Smethwick-based precision engineering company A&M EDM takes a pro-active approach in developing its apprentices. We caught up with them to see how the team of apprentices are honing their skills today for the workforce of tomorrow.

A&M, manufacturers of prototypes, precision components and tooling for aerospace, automotive, manufacturing assembly and motorsport customers, has doubled its workforce since 2013, now boasts a team of 71 and sales in excess of £6m.

Along with all UK manufacturers, one of the major challenges they faced, is the shortage of skilled engineers and technicians, becoming more acute as growing numbers of experienced engineers retire.

This demographic time bomb has its roots in the 1980s when manufacturing suffered a recession and was perceived as an unattractive career, resulting in young people turning away from apprenticeships and factories towards degrees and service sector jobs.

A&M began its Apprenticeships in 2013, selecting individuals with creative enthusiasm and STEM qualifications. Using experienced staff as mentors on the programme which starts with basic engineering as its foundation. Apprentices then move onto practical skills for different operations such as milling, turning, CNC operation and spark and wire eroding.

​A&M works in partnership with Dudley College,
as its chosen academic training provider for Level 3 Apprenticeships and HNC. In recent years A&M has trained over a dozen individuals, with four currently on apprenticeships, three progressing to the Dudley College HNC Higher Apprenticeship programme and three recently completing their HNC qualifications.

Research by Make UK, the organisation representing UK manufacturing revealed:

· UK companies need 124,000 skilled engineers in 2020

· A projected shortfall of 59,000 engineers

· 46% of manufacturers reporting recruitment difficulties in 2019

Three A&M employees gave their views Joe Siviter, aged 18 is in the final year of his Manufacturing Engineering Apprenticeship.

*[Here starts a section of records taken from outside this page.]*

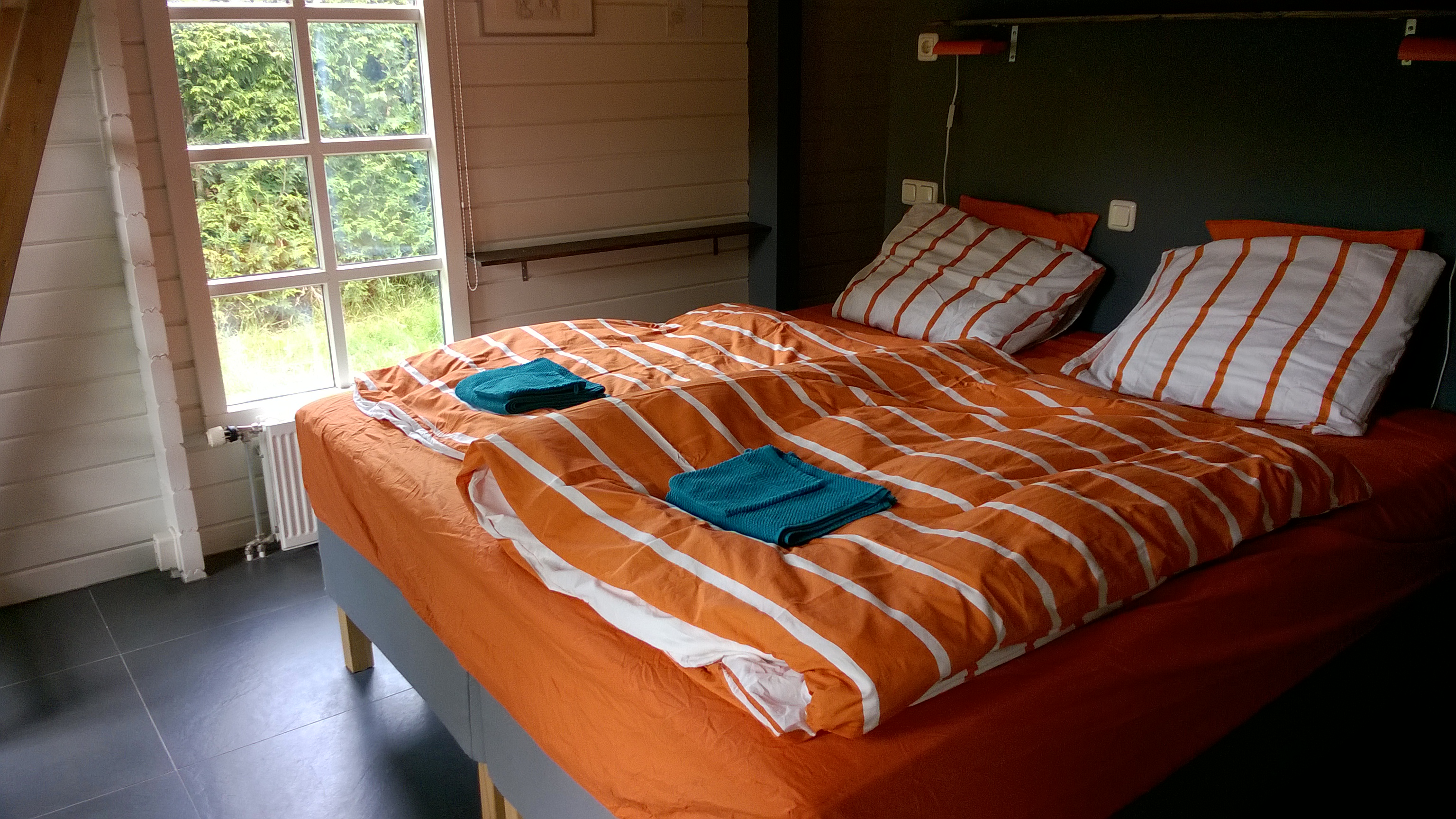 De slaapkamer heeft een groot tweepersoonsbed (ook te scheiden) en daarboven een knusse vliering met een bedbank die twee eenpersoonsmatrassen bevat, bijvoorbeeld geschikt als slaapplaats voor kinderen.
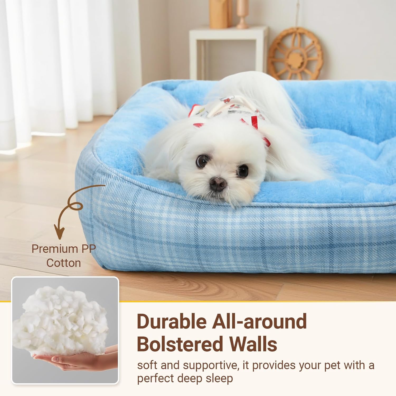 - 【Super Cozy Fabric】The dog bed for medium dogs features luxurious soft fabric that provide a calming feel and suits for all seasons to use. It also adopts fashionable checkered design that matches various styles of furniture and decorate your home.
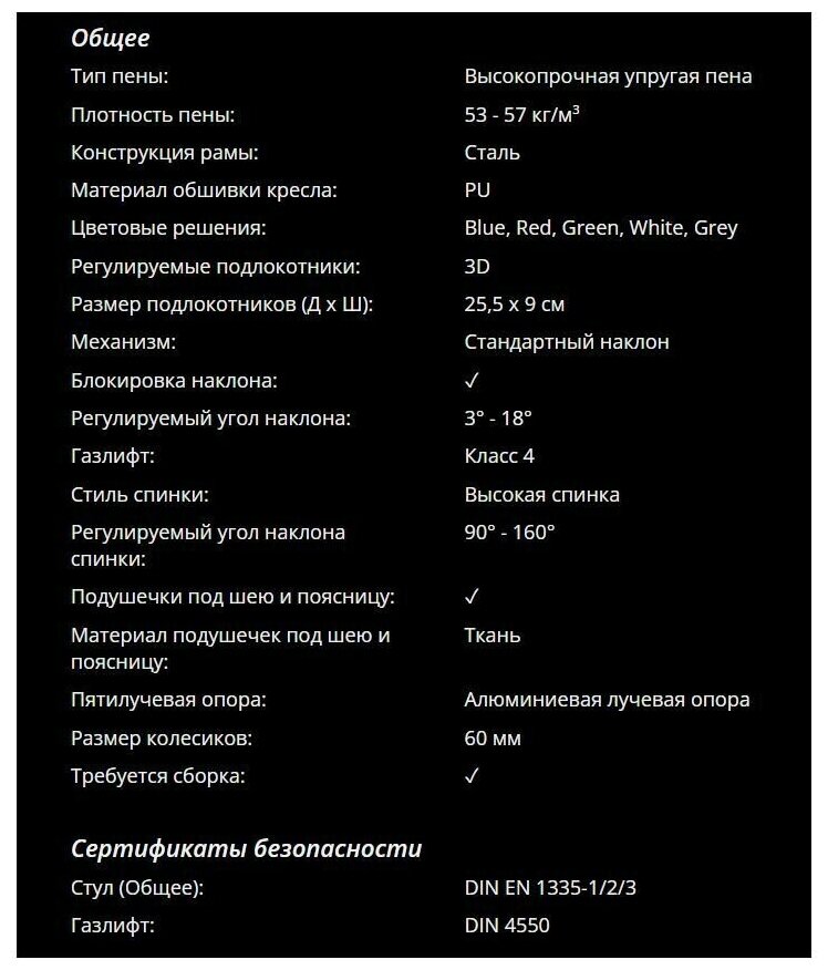 | Регулировки | наклона спинки степени жесткости качанияподдержка поясницы высоты сиденьявысоты подлокотниковподлокотников по горизонтали (160 градусов) |
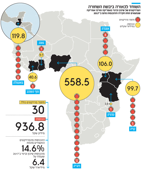 לפי הדו"חות הכספיים של החברה ל־2017, לשיכון ובינוי יש 30 פרויקטים במדינות אלה (ראו תרשים). ההכנסות מהפרויקטים האלו בשנה זו הסתכמו ב־937 מיליון שקל. לשם השוואה וכדי להבין את ההיקף, כלל הכנסות החברה מפעילות התשתיות בחו"ל, הכוללת גם את מוזמביק, קולומביה וארה"ב (טקסס), עמדה על 1.5 מיליארד שקל באותה שנה; וכלל הכנסות החברה הסתכמו ב־6.4 מיליארד שקל. כלומר, ההכנסות מהפרויקטים החשודים מהווים כמעט 15% מכלל ההכנסות של שיכון ובינוי ויותר מ־60% מהכנסות החברה בחו"ל ב־2017.
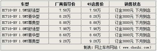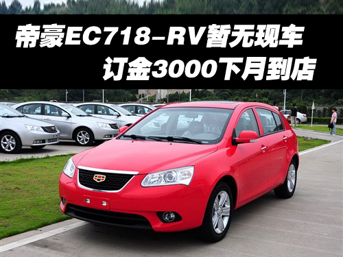 吉利帝豪经销处工作人员表示,现在店内的帝豪EC718-RV新车不全,但是很快将充足货源,届时将可满足消费者的购车需要。现阶段各家店内的EC718-RV及EC718车型均维持厂商指导价,暂时没有任何现金优惠。消费者购车需要提前预订,订金为3000元并需要等待一个月的时间。

Joe now works on electro-discharge machining spark erosion and has already worked on hundreds of jobs for diverse customers.

Joe said, "Combining the theory I learn at Dudley College with on the job training has developed my skills much faster. My favourite job is spark eroding a component for a product with over 200 years of heritage.”

Joe plans to progress to a higher HNC and then a degree. His long-term aim is to focus on aerospace engineering design. He said, "My Apprenticeship gives me relevant work skills and qualification.

Schools should do more to encourage apprenticeships as an alternative to the university route.”

Jack Kemp, aged 24, has just completed his Apprenticeship; he wants to continue learning by taking a part-time engineering degree.

"Most of the college work is theoretical, including mathematics, material properties and CAD/CAM design. I’ve put this into practice, working in different parts of the company. I’ve CNC milled parts for a rotary engine and machined components to precise tolerances for a motorsport customer.”

David Tomkins aged 23, was one of A&M’s first apprentices in 2013 and is completing his HNC. A memorable job for David was spark eroding an injection mould tool for a major manufacturer of razor blades to a tolerance of 5 microns.

David’s clear on the advantages of an Apprenticeship "I earn a good wage and have six years’ engineering experience in a job which I’ve been trained to do. I completely support apprenticeships and believe my experience gives me an edge over graduates.”